Table Exploration

A Table is a core Dataset. Unlike relational database tables where every row has the same schema, every row of a Table can have a different set of columns. Though Tables do not require a schema, in practice they are often written with an implicit schema. Column names are often strings, with a single data type used for all values in the same column. If you are using a Table in this way, you can set a schema as a Table property to enable exploration. The schema will be applied at read time, allowing you to run ad-hoc queries against the Table.

Requirements

In order to explore a Table, your Table must meet a few requirements.

  • Columns names must be strings.
  • All column values for a specific column must be of the same type. For example, a value cannot be a string in one row and an integer in another.
  • Column values must be of a primitive type. A primitive type is one of boolean, int, long, float, double, bytes, or string.
  • Column names must be valid Hive column names. This means they cannot be reserved keywords such as drop. Please refer to the Hive language manual for more information about Hive.

Creating an Explorable Table

When creating a Table in your application, if you set the table’s schema property, your Table will be enabled for exploration after it is created:

@Override
public void configure() {
  Schema profileSchema = Schema.recordOf(
    "profile",
    // id, name, and email are never null and are set when a user profile is created
    Schema.Field.of("id", Schema.of(Schema.Type.STRING)),
    Schema.Field.of("name", Schema.of(Schema.Type.STRING)),
    Schema.Field.of("email", Schema.of(Schema.Type.STRING)),
    // login and active are never set when a profile is created but are set later, so they are nullable.
    Schema.Field.of("login", Schema.nullableOf(Schema.of(Schema.Type.LONG))),
    Schema.Field.of("active", Schema.nullableOf(Schema.of(Schema.Type.LONG)))
  );
  createDataset("profiles", Table.class.getName(), DatasetProperties.builder()
    // set the schema property so that it can be explored via Hive
    .add(Table.PROPERTY_SCHEMA, profileSchema.toString())
    // to indicate that the id field should come from the row key and not a row column
    .add(Table.PROPERTY_SCHEMA_ROW_FIELD, "id")
    .build());
}

Note that the schema row field property is set along with the schema property. The schema row field property must be set if you want to explore your Table row along with Table columns. In the example above, this property will let CDAP know to read the id field from the Table row instead of from the Table columns.
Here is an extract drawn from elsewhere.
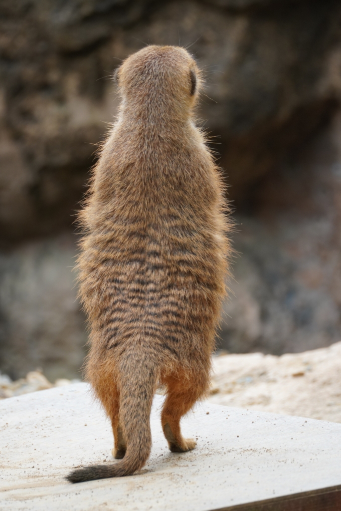 こんなに足ピンピンに背伸びしているミーアキャットに初めて会いました。

Setting a Schema on an Existing Table

Since schema is applied at read time, it is possible to set a schema on a Table after it has been created. It is also possible to change the schema of a Table. Dataset properties can be set using the RESTful API. For example, the same schema set through the example code above can also be set through the RESTful API:

curl -X PUT <baseurl>/namespaces/<namespace-id>/data/datasets/profiles/properties -d '{
  "typeName": "table",
  "properties": {
    "schema": "{
      \"type\":\"record\",
      \"name\":\"purchase\",
      \"fields\":[
        {\"name\":\"id\",\"type\":\"string\"},
        {\"name\":\"name\",\"type\":\"string\"},
        {\"name\":\"email\",\"type\":\"string\"},
        {\"name\":\"login\",\"type\":[\"long\", \"null\"]},
        {\"name\":\"active\",\"type\":[\"long\", \"null\"]}
      ]
    }",
    "schema.row.field": "id"
  }
}'

CDAP schemas are adopted from the Avro Schema Declaration. Note that since Dataset properties must be strings, the schema JSON has to be escaped properly.

Formulating Queries

When creating your queries, keep these limitations in mind:

  • The query syntax of CDAP is a subset of the variant of SQL that was first defined by Apache Hive.
  • The SQL commands UPDATE and DELETE are not allowed on CDAP Datasets.
  • When addressing your datasets in queries, you need to prefix the Table name with dataset_. For example, if your Table is named Purchases, then the corresponding Hive table name is dataset_purchases. Note that the table name is lower-case.
  • If your Table name contains a ‘.’ or a ‘-‘, those characters will be converted to ‘_’ for the Hive table name. For example, if your Table is named my-table.name, the corresponding Hive table name will be dataset_my_table_name. Beware of name collisions. For example, my.table will use the same Hive table name as my_table. Beware of name collisions. For example, my.table will use the same Hive table name as my_table.

For more examples of queries, please refer to the Hive language manual.